**Raw data**
########
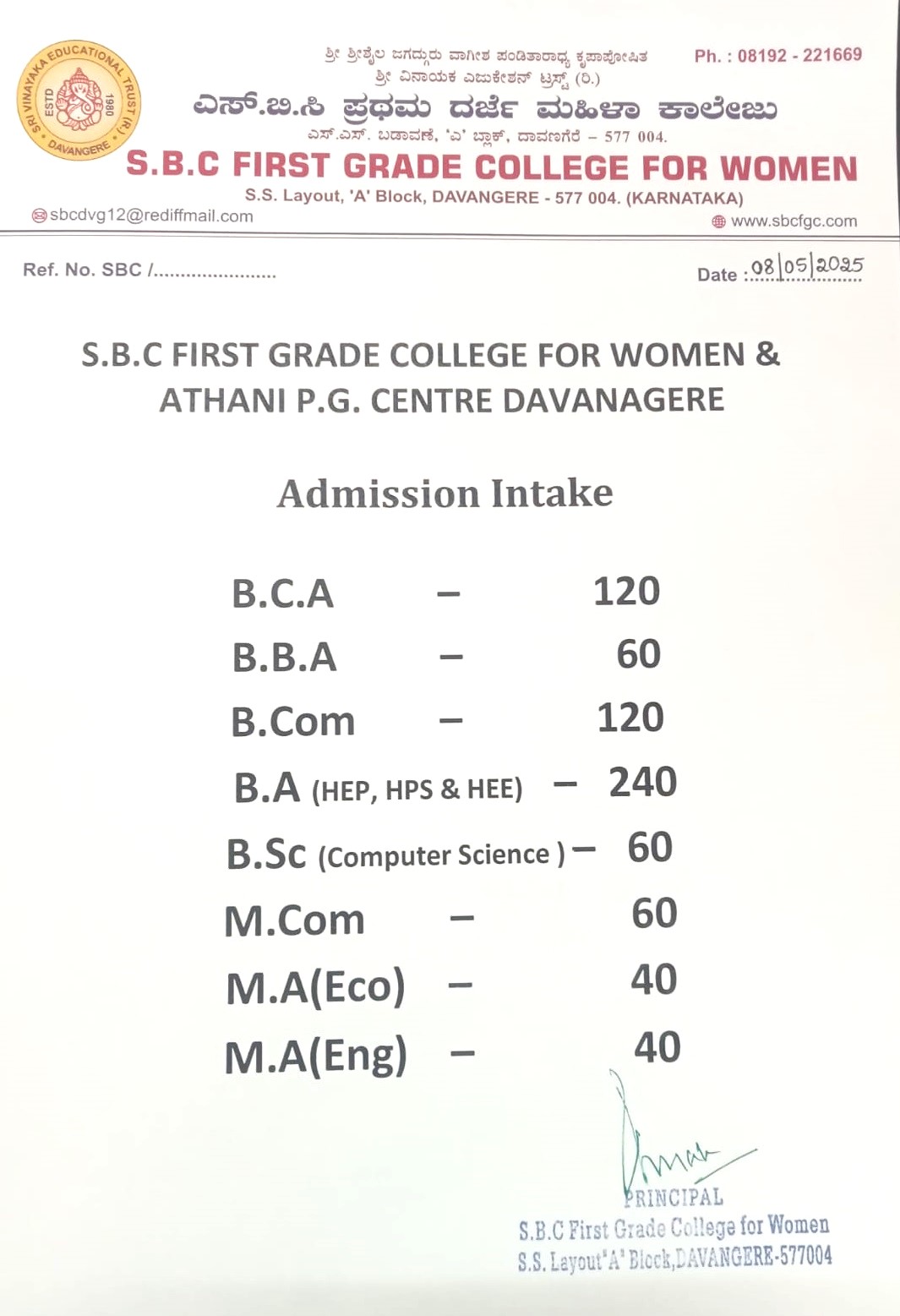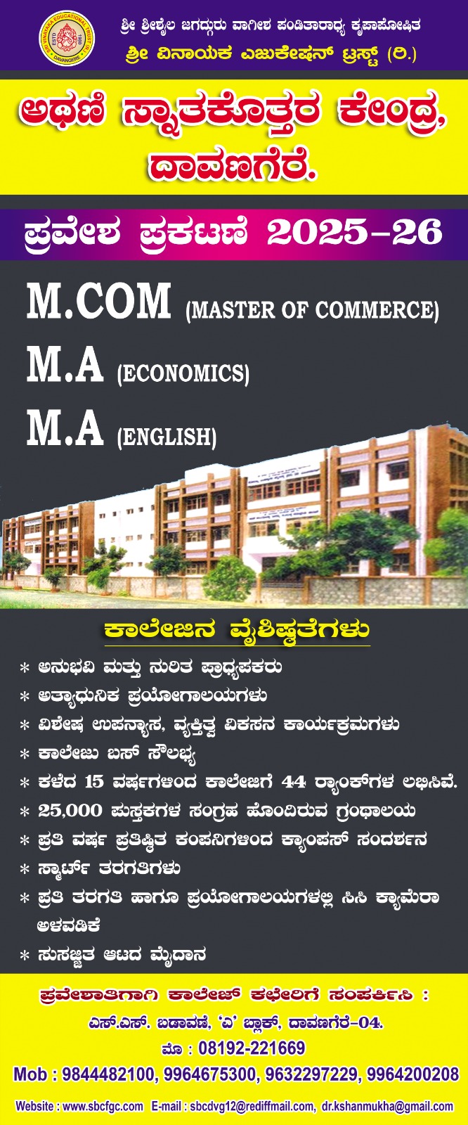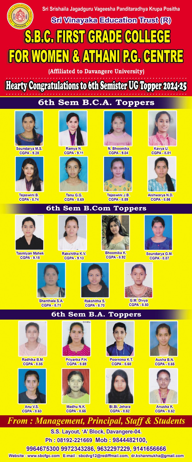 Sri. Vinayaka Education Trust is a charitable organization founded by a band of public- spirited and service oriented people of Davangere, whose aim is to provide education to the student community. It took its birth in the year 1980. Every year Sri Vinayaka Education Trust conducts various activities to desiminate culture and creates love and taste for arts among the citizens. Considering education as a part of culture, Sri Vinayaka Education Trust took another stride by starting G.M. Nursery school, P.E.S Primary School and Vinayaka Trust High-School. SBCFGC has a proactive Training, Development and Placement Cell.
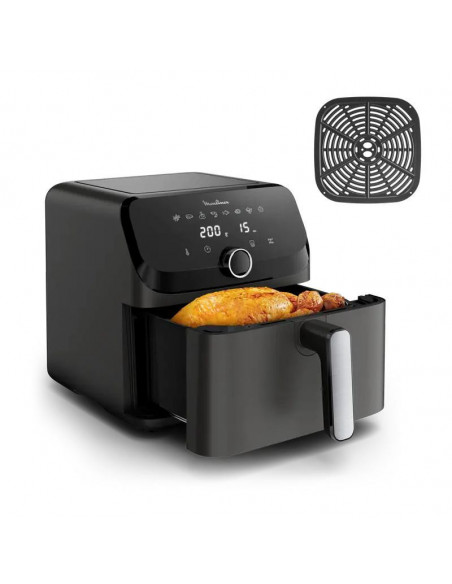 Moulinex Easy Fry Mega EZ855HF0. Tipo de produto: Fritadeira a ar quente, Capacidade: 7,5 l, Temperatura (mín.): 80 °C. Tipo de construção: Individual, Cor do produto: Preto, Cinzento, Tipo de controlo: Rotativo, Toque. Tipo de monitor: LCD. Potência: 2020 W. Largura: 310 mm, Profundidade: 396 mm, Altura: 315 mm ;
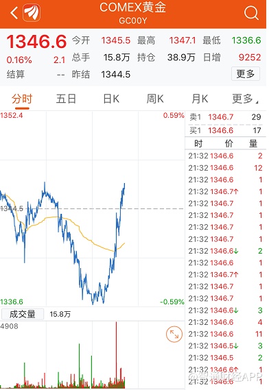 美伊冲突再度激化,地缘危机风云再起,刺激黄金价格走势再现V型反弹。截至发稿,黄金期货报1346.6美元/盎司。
########
**Task description**
Restate the material above word for word, so that nothing changes except that the pictures are gone.

**Response**
 Sri. Vinayaka Education Trust is a charitable organization founded by a band of public- spirited and service oriented people of Davangere, whose aim is to provide education to the student community. It took its birth in the year 1980. Every year Sri Vinayaka Education Trust conducts various activities to desiminate culture and creates love and taste for arts among the citizens. Considering education as a part of culture, Sri Vinayaka Education Trust took another stride by starting G.M. Nursery school, P.E.S Primary School and Vinayaka Trust High-School. SBCFGC has a proactive Training, Development and Placement Cell.
 Moulinex Easy Fry Mega EZ855HF0. Tipo de produto: Fritadeira a ar quente, Capacidade: 7,5 l, Temperatura (mín.): 80 °C. Tipo de construção: Individual, Cor do produto: Preto, Cinzento, Tipo de controlo: Rotativo, Toque. Tipo de monitor: LCD. Potência: 2020 W. Largura: 310 mm, Profundidade: 396 mm, Altura: 315 mm ;
 美伊冲突再度激化,地缘危机风云再起,刺激黄金价格走势再现V型反弹。截至发稿,黄金期货报1346.6美元/盎司。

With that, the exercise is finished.